Self-Labeling in Multivariate Causality and Quantification for Adaptive Machine Learning
Yutian Ren, Aaron Haohua Yen, G. P. Li
TL;DR
The paper tackles post-deployment concept drift by extending interactive causality self-labeling to multivariate causal graphs, enabling autonomous data annotation via cause–effect relationships. It develops a dynamical-systems framework linking interaction time $t_{if}$, effect state $y_2$, and self-labeled cause state $x_{slb}$, and introduces a four-structure generalization for chain, fork, collider, and confounder graphs. It analyzes how inaccuracies in ITM and ESD propagate through self-labeling, using both analytical and dynamical-system-based DS examples, and introduces a cost-index to compare post-deployment costs across self-labeling, fully supervised, and semi-supervised approaches. Experiments in a physics-based multivariate simulation demonstrate that self-labeling maintains high performance under concept drift and non-ideal auxiliary models, often with favorable cost-performance tradeoffs.

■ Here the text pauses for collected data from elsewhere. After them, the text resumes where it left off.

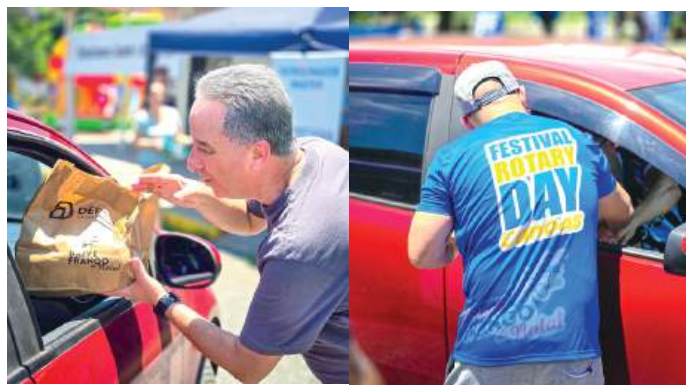
RETIRADA: mobilização também na entrega
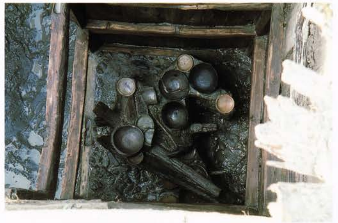
おんなだに・あらかさか 【女谷・荒坂横穴群】 八幡市美濃山字御毛通

山崎院は天平3(731)年に僧行基によって建立されました。平成11年の調査で、9世紀前半に焼け落ちたとみられる、瓦類や塑像・壁体片が焦土に混じって多数出土しました。壁体片には彩色を施したものがあり、自然科学による分析結果をもとに唐草文を描いた彩色壁画が復原されました。
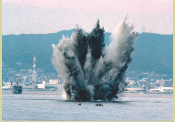
爆発性危険物の爆破処理
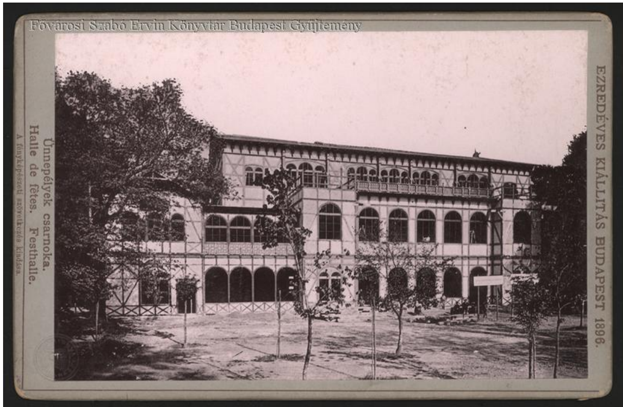
A városligeti Ünnepélyek Csarnoka két korabeli fényképe.

The work advances scalable, knowledge-graph–driven adaptive ML by providing theoretical foundations, robustness analyses, and practical cost considerations for self-labeling in complex causal settings.
Abstract
Adaptive machine learning (ML) aims to allow ML models to adapt to ever-changing environments with potential concept drift after model deployment. Traditionally, adaptive ML requires a new dataset to be manually labeled to tailor deployed models to altered data distributions. Recently, an interactive causality based self-labeling method was proposed to autonomously associate causally related data streams for domain adaptation, showing promising results compared to traditional feature similarity-based semi-supervised learning. Several unanswered research questions remain, including self-labeling's compatibility with multivariate causality and the quantitative analysis of the auxiliary models used in the self-labeling. The auxiliary models, the interaction time model (ITM) and the effect state detector (ESD), are vital to the success of self-labeling. This paper further develops the self-labeling framework and its theoretical foundations to address these research questions. A framework for the application of self-labeling to multivariate causal graphs is proposed using four basic causal relationships, and the impact of non-ideal ITM and ESD performance is analyzed. A simulated experiment is conducted based on a multivariate causal graph, validating the proposed theory.